▶ **Assignment**
From the first line of the material below through the line containing "Delicious homemade-style mango", print every line exactly as it stands, but no pictures.

▶ **Data under study**
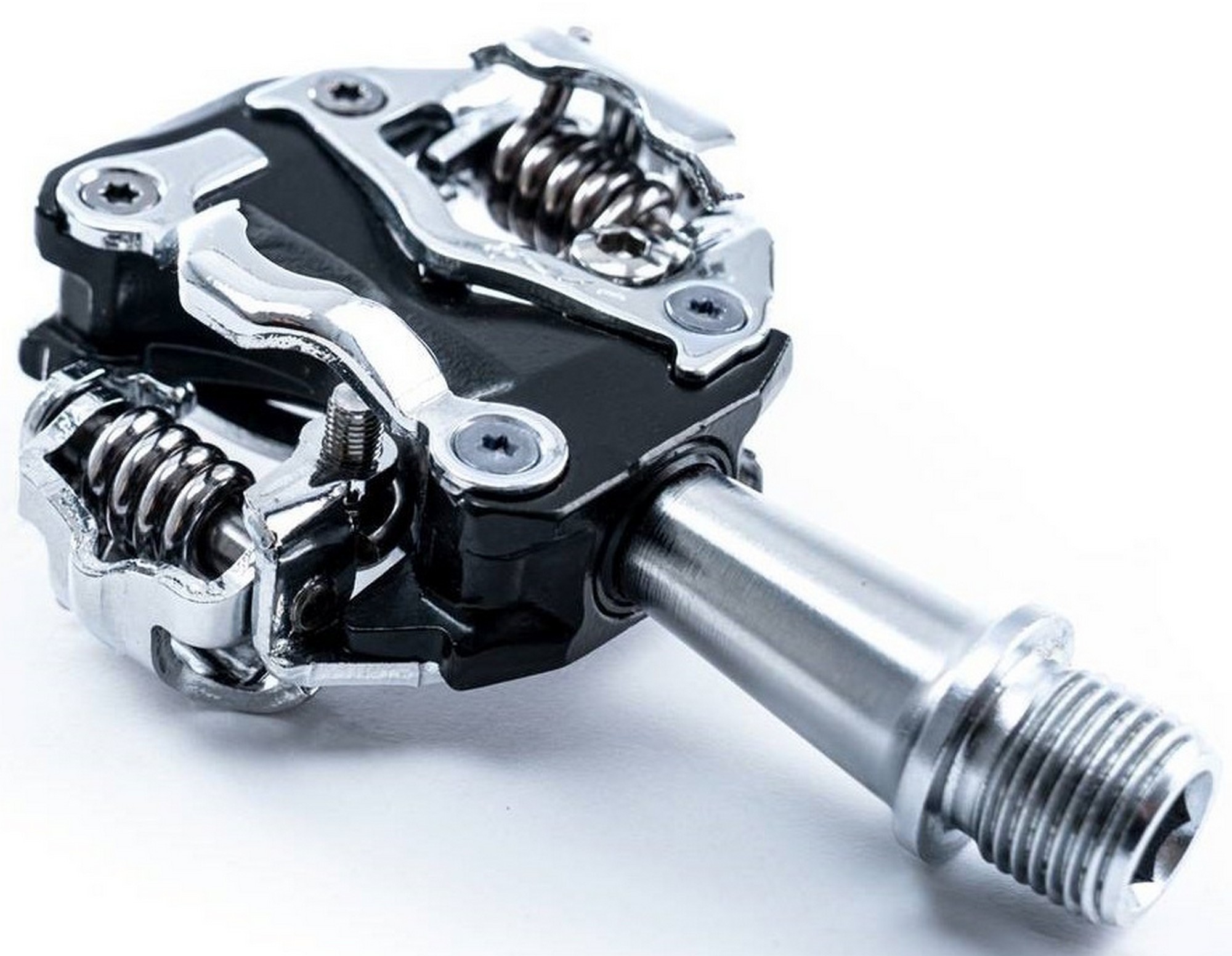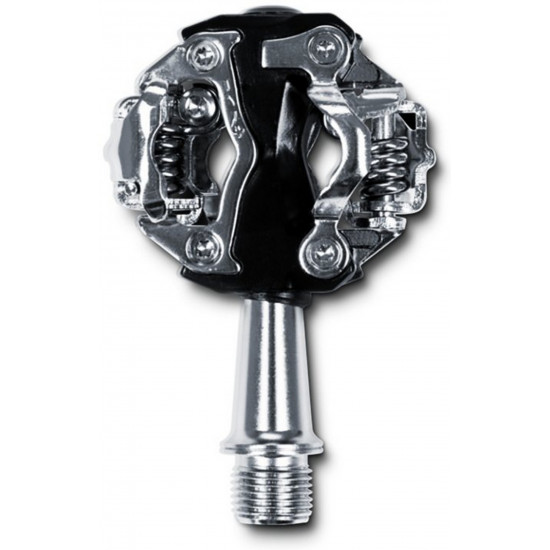 High-end forged clipless pedal with double-sided clip system, CNC-machined Cr-Mo axle and LSL bushing. SPD compatible.
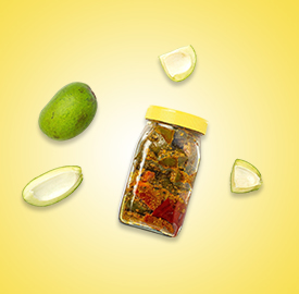 Delicious homemade-style mango pickle with a perfect blend of spices. Tangy, spicy, and flavorful – the ideal companion for any meal.
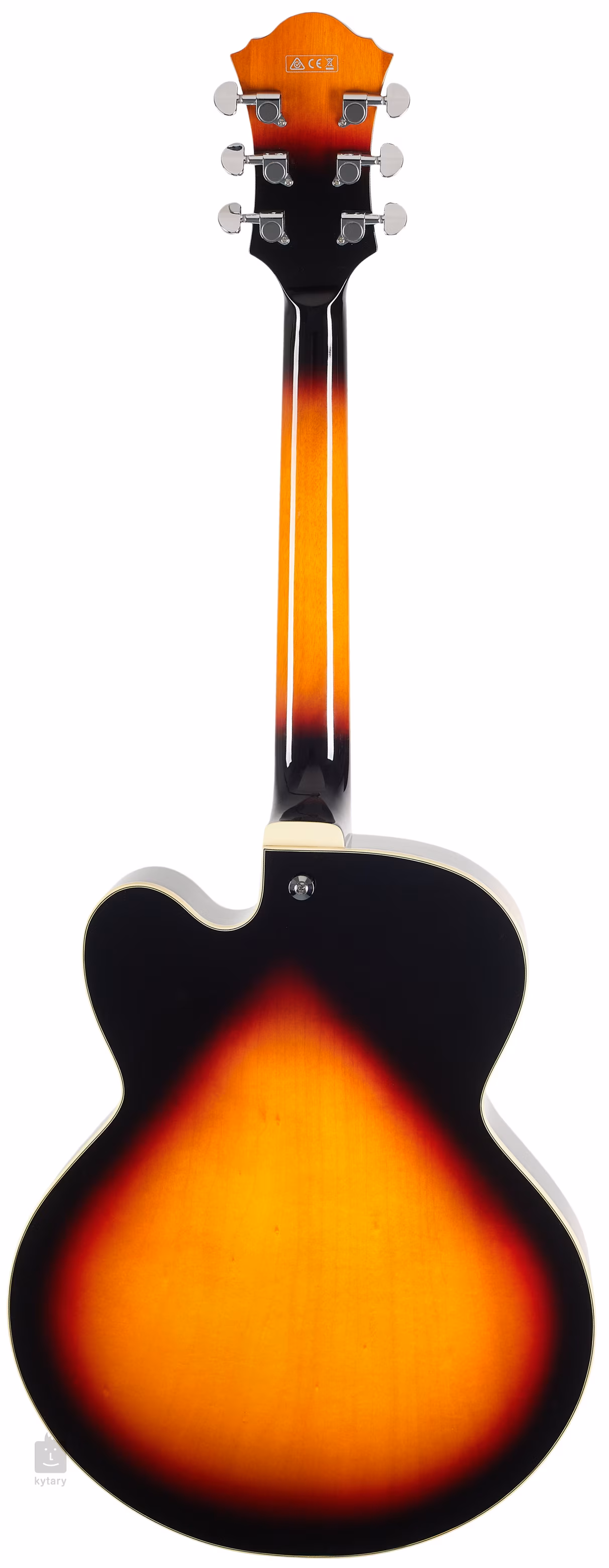 Korpus gitary AF75 Brown Sunburst jest wykonany z warstwowego drewna lipowego. Do szyjki z egzotycznego drewna nyatoh przyklejono palisandrowy gryf z dwudziestoma progami rozmiaru Medium. Orientację na gryfie ułatwiają blokady pozycyjne z imitacji masy perłowej.
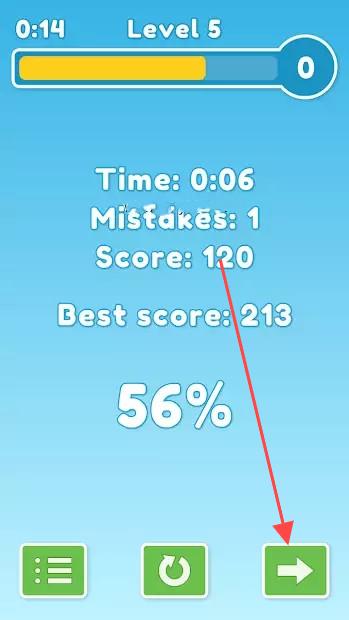 3、完成关卡后,查看等结果信息,点击箭头所指的绿色【右箭头按钮】,进入下一关卡,持续体验游戏挑战。
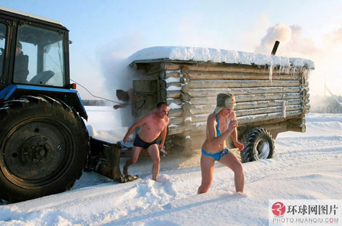 12月27日,在俄罗斯鄂木斯克市以北大约400公里的博布罗夫卡村,刚刚从一个移动桑拿房里出来的人们来到雪地里玩耍。

▶ **Your solution**
 High-end forged clipless pedal with double-sided clip system, CNC-machined Cr-Mo axle and LSL bushing. SPD compatible.
 Delicious homemade-style mango pickle with a perfect blend of spices. Tangy, spicy, and flavorful – the ideal companion for any meal.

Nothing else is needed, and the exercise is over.